Palestinian Territories:
The Israeli military on Friday reported three rockets fired into its territory from the Gaza Strip, where Palestinian aid workers said Israeli airstrikes killed at least 16 people, including children.
The rockets were the latest in a series of launches by militants in the ravaged Palestinian territory, with Israeli Defense Minister Israel Katz warning this week that if they continue, there will be more severe retaliatory attacks.
After more than 14 months of war between Israel and Palestinian Hamas operatives in Gaza, such launches have become rare. They have intensified since late December as Israel has continued a major ground and air campaign in the north of the area for three months.
One of Friday’s rockets landed “adjacent to the community of Nir Am” in Israel on the northeastern tip of Gaza, the military said, while the other landed in an uninhabited area.
Earlier in the day, it said another rocket fired from Gaza had set off sirens near Beri, opposite central Gaza.
No injuries were reported.
In Gaza, first responders said they recovered the bodies of 16 Palestinians, many of them children.
Mahmoud Basal, spokesman for the Gaza Civil Defense, said that the attacks took place in Gaza City, the central Maghazi refugee camp and the southern city of Rafah.
“Friday was a tough day for Gaza residents, especially because of the continuous Israeli bombardment in Gaza City,” he told AFP.
He said several deaths occurred in attacks and shelling in northern and central Gaza, and two in the south.
Civil Defense said three children were killed in Israeli shelling in the Zaytoun neighborhood of Gaza City, while two people were killed in an airstrike in the southern Rafah area.
The Israeli military said in a statement that yesterday, “the Israeli air force struck about 40 Hamas terrorist gathering sites across Gaza”.
It said some of the targets were “embedded in areas that previously served as schools”.
Hospital ‘a pile of rubble’
Bassel denied the army’s charge, alleging that the army was “blocking food and drinking water to dozens of medical staff, patients and wounded” at an Indonesian hospital in the town of Beit Lahiya in the northern Gaza Strip. .
He said his agency has received distress calls from the hospital since Thursday, adding that the facility is now “just a pile of rubble and walls. There is no hospital.”
Late Friday, the military said it had not attacked an Indonesian hospital the previous day and had not damaged any essential equipment.

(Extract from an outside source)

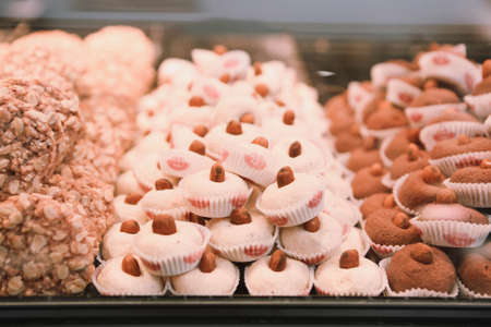 Different sweet cakes in bakery cafe close up. Confectionery cakes in candy shop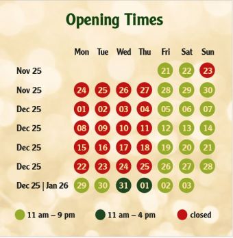 - 21 November 2025 to 21 December 2025: Friday to Sunday: 11 a.m. – 9 p.m.

It added that “there is no need to evacuate the hospital” and the military is coordinating with hospital officials to facilitate the delivery of humanitarian aid to the facility.
On Sunday, a UN aid team visited an Indonesian hospital.
In a video released after visiting the hospital, UN aid official Jonathan Vitale said: “There is nothing but rubble and destruction around me.”
The Israeli military has regularly accused Hamas of using hospitals as command centers, which its operatives deny.
A report published Tuesday by the United Nations human rights office said “insufficient information” had been made available to substantiate Israeli allegations of military use of hospitals.
The Israeli military has launched heavy raids in northern Gaza since October 6 in what it says is an attempt to prevent Hamas operatives from regrouping there.
The “siege” of northern Gaza appears to be part of an effort to permanently displace the local population as a prelude to Gaza’s annexation, UN rights experts said on Monday.
Bassel estimated that 10,000 people remained in the northern towns of Jabalia, Beit Lahia, and Beit Hanun, from between 150,000 and 200,000 before the war.
Earlier this week, Katz warned that Israel would step up attacks in Gaza if the rocket fire did not stop and the hostages were not released.
The war in Gaza began on October 7 last year when Hamas attacked Israel, killing 1,208 people, mostly civilians.
Israel’s retaliation has so far killed at least 45,658 people in Gaza, the majority of them civilians, according to the Hamas-ruled territory’s health ministry, a figure the United Nations considers reliable.
On Friday, the Israeli military also said it shot down a missile and a drone launched from Yemen, where Iran-backed rebels fought in November between Israel and another Iran-backed group, Hezbollah, in Lebanon. Attacks targeting Israel have increased since the ban.
Israel has also attacked Yemen, including targeting Sana’a International Airport in late December.
(Other than the headline, this story has not been edited by NDTV staff and is published from a syndicated feed.)